Low-Noise AlInAsSb Avalanche Photodiodes

Avalanche photodiodes (APDs) have been used for a wide range of commercial, military, and research applications in realms ranging from optical communications to imaging to single photon detection. Their primary advantage relative to p-i-n photodiodes is that the APD’s gain can provide higher sensitivity, at the cost of additional noise. This excess noise motivates the study of low noise materials, as well as structures with inherently lower noise.

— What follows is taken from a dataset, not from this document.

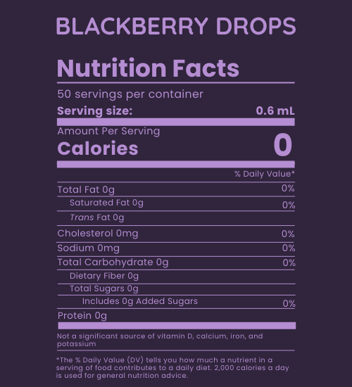 Ingredients: Natural Blackberry Flavor, Water, non-GMO Citric Acid, Monk Fruit Extract, Malic Acid
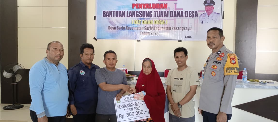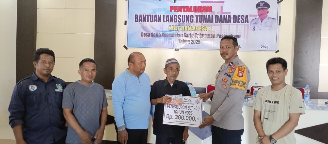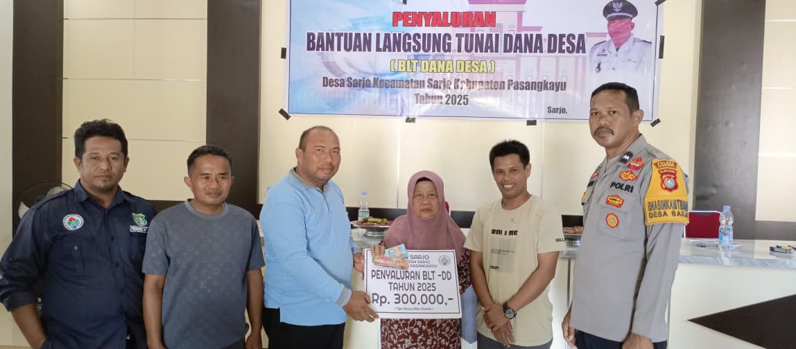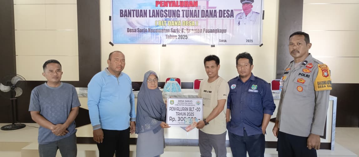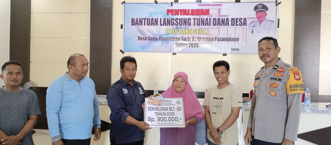Pemerintah Desa Sarjo, Kecamatan Sarjo, Kabupaten Pasangkayu telah menyalurkan Bantuan Langsung Tunai Dana Desa (BLT-DD) untuk tahap IX sampai dengan Tahap XII tahun anggaran 2025. Penyaluran bantuan ini dilaksanakan pada 10 Desember 2025 dan dihadiri oleh Camat Sarjo Diwakili Oleh Kasi Kesejahteraan Sosial (Muhtar, S.Sos), Bahbinkantibmas Desa Sarjo (Aipda Sardi) Pendamping Desa (Syaripuddin), anggota Badan Permusyawaratan Desa (BPD), serta seluruh Keluarga Penerima Manfaat (KPM) BLT-DD tahun anggaran 2025. Penyaluran BLT-DD tahap IX Sampai dengan Tahap XII ini merupakan bagian dari upaya pemerintah dalam membantu masyarakat desa yang terdampak secara ekonomi. Bantuan ini diharapkan dapat meringankan beban masyarakat dan meningkatkan daya beli mereka. Dengan adanya penyaluran bantuan ini, diharapkan perekonomian di Desa Sarjo dapat terus membaik dan masyarakat dapat memenuhi kebutuhan dasar mereka. Kehadiran Camat Sarjo, Bhabinkamtibmas Desa Sarjo, Pendamping Lokal Desa, dan BPD juga menunjukkan adanya sinergi dan pengawasan dalam proses penyaluran bantuan yang Bersumber dari Dana Desa, sehingga diharapkan bantuan tersebut tepat sasaran dan memberikan manfaat yang optimal bagi masyarakat Desa Sarjo Khususnya Penerima Keluarga Penerima Bantuan Lansung Tunai.

My studies of the AlInAsSb materials system began with an investigation into an impact ionization engineering device called a staircase photodiode, in collaboration with students at the University of Texas at Austin, who recently developed a process for growing the materials system AlInAsSb through molecular beam epitaxy (MBE). This staircase structure was designed alongside a control structure composed of a simple, homojunction photodiode made from the Al0.7In0.3As0.3Sb0.7 material. With successful, low-noise results from the staircase photodiode, I was motivated to investigate the noise properties of the control structure. When the control showed low noise as well, we expanded our studies into homojunction APDs composed of varying aluminum concentrations of AlInAsSb. The results of these homojunction APDs gave low noise and low dark current for some devices, while other devices exhibited absorption at longer wavelengths with higher dark current. We used the information from the homojunction studies to design and fabricate an SACM APD, which uses one material layer for absorption and another for multiplication. This helped us achieve a low-noise, low dark current APD that can absorb at telecommunication wavelengths (1.3 µm to 1.6 µm). Other studies branched off these, including investigations into multi-step staircase structures and characteristics of digital alloy material APDs versus random alloy material APDs.